All of us think we know what a good manager does. It seems like it would be second nature to help guide employees in the right direction and help them succeed. We all know what we wouldn’t do as managers, like micromanaging, enforcing petty rules, and abusing our power. There is a lot of talk lately about how people don’t leave jobs-they leave their managers. Bad managers are a caricature we all recognize. But front-line management is not an easy job. Managers are more down on their work than ever-according to a Gallup poll, only 35% of them in the U.S. are engaged at work. It’s no wonder that their direct reports are feeling the same way.

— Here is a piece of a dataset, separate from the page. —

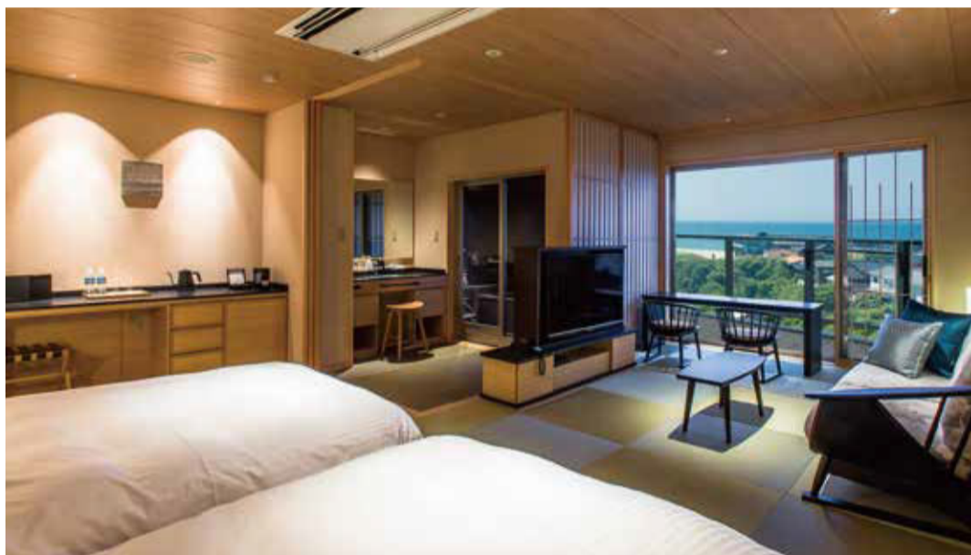
特別フロア「たいしょ」

特別フロア「うすい」「りっか」「たいしょ」指定 [冬人気]カニづくし会席のいいとこどり 地ガニ付きカニ会席

The solution for managers and employees to grow more engaged and productive is to focus on the core activities that are needed for a functional organization. What do effective managers do? If they want a successful team that produces superior results for the organization, is fulfilled by the work they do, and wants to stay in their jobs, both new and experienced managers should try their best to do these things every day:
1. Clearly and helpfully let your employees know what needs to be done-don’t assume understanding or that they should “get it,” since people have unique learning needs
2. Be transparent about the connection between what the team is doing and the organization’s strategic goals, so employees feel purpose in their work and understand how it impacts the big picture
3. Coach constantly-this means asking questions that get your team thinking, and guiding them to learn how to get the right results instead of telling them what to do all the time
4. Deliver difficult messages with respect, kindness and preservation for dignity-treat others as you would like to be treated
5. Help employees succeed at everything they do, whether at work or personal goals, and show genuine interest in the things that are important to them
6. Get a dynamic development plan in place for every employee that is tailored to their interests, needs and goals, and show a clear path toward career advancement
7. Offer authentic recognition in a way that’s valued by each team member
8. Show appreciation for what the team is doing every day-this can be as simple as saying “Good morning, great to see you!” and thanking your team members at the end of the day
9. Manage upward to make sure the team’s needs, accomplishments and purpose is clear to executive leadership and other departments, and block bad upper management (as much as possible) from impacting your employees
10. Remove barriers so employees can achieve success-this could involve challenging stale processes and norms, and being willing to advocate for your team
For a new manager who is overwhelmed with new expectations in an expanded role, this list may feel overwhelming. The response is often that there’s no time to get the basic work done every day. The truth is that it’s simpler than it looks, and often just requires a shift in how a manager is carrying out the work, instead of adding more to her plate. A good HR professional can be a partner in tailoring these goals to the organization, and with human resources support, the list is much less daunting, especially when a clear roadmap is in place for each step.